The ACLU is demanding U.S. District Judge Dana Sabraw, who ordered the government to reunify most separated families by Thursday, to block the administration from deporting any parents until they have had at least seven days post-reunification to talk to their children and an attorney about “what might be the most consequential decision of their lives.” After keeping parents and children apart for months with little communication, the filing argues, “the Government should not now be able to argue that it cannot wait a mere 7 days to remove these families, so that they can be advised on their life-altering decisions.”
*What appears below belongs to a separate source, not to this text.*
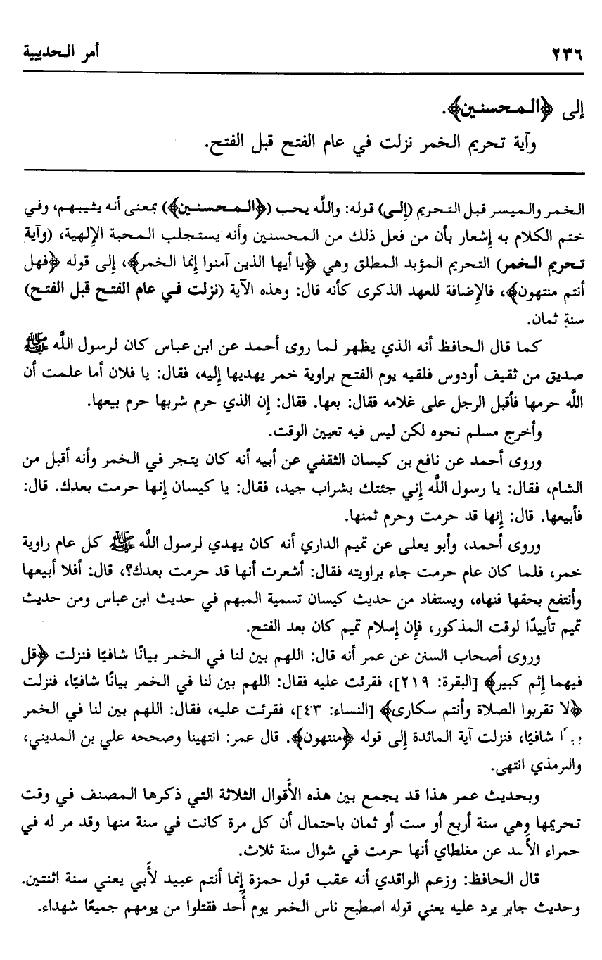 وروى أصحاب السنن عن عمر أنه قال: اللهم بين لنا في الخمر بيانا شافيا, فنزلت: {قُلْ فِيهِمَا إِثْمٌ كَبِيرٌ} [البقرة: 219] ، فقرئت عليه, فقال: اللهم بين لنا في الخمر بيانا شافيا، فنزلت: {لَا تَقْرَبُوا الصَّلَاةَ وَأَنْتُمْ سُكَارَى} [النساء: 43] ، فقرئت عليه، فقال: اللهم بين لنا في الخمر بيانا شافيا، فنزلت آية المائة إلى قوله: {مُنْتَهُونَ} قال عمر: انتهينا وصححه علي بن المديني، والترمذي. انتهى.

With more than 100 pages of testimony gathered by the ACLU’s attorneys at immigration detention centers, the filing argues that the separated parents are currently not receiving due process despite Judge Sabraw’s ruling in their favor. The ACLU is representing parents of separated immigrant families in the class action lawsuit.

The Trump administration is presenting the parents with a court-ordered form describing their rights under the class action lawsuit and giving them choice between leaving their child in the U.S., being deported as a family, or staying and seeking asylum. But the ACLU says many parents were given the form in a language they do not speak, were given mere minutes to make the decision, and were told incorrectly that their right to be reunited with their child was conditioned on them dropping their asylum claims.

Aaron Reichlin-Melnick, an attorney with the American Immigration Council, said in an affidavit submitted to the court that out of the more than 90 parents his team interviewed over the last few days, 52 had signed papers giving up their right to get their children back. Several had been given the forms in a language they do not speak.

“Many of these individuals indicated that they felt coerced into relinquishing their rights,” he wrote. “Still others appeared totally unaware that they had done so. Indeed, some individuals were adamant that they had signed a paper that said they had chosen to be reunited with their children.”

The ACLU warns that unless the judge intervenes, deportations without informed consent are sure to spike in the coming days. With the Trump administration rushing to reunify families by the Thursday deadline, hundreds of families will be arriving at once at the family detention centers in Texas designated to receive them, and hundreds have final orders of removal. There, they can only meet with attorneys within certain hours and when there is space available — one facility has only five rooms for attorney-client consultations.

A week is necessary post-reunification, the ACLU argues, because “sometimes initial meetings are too difficult because the parents are too traumatized to even receive basic advisals.”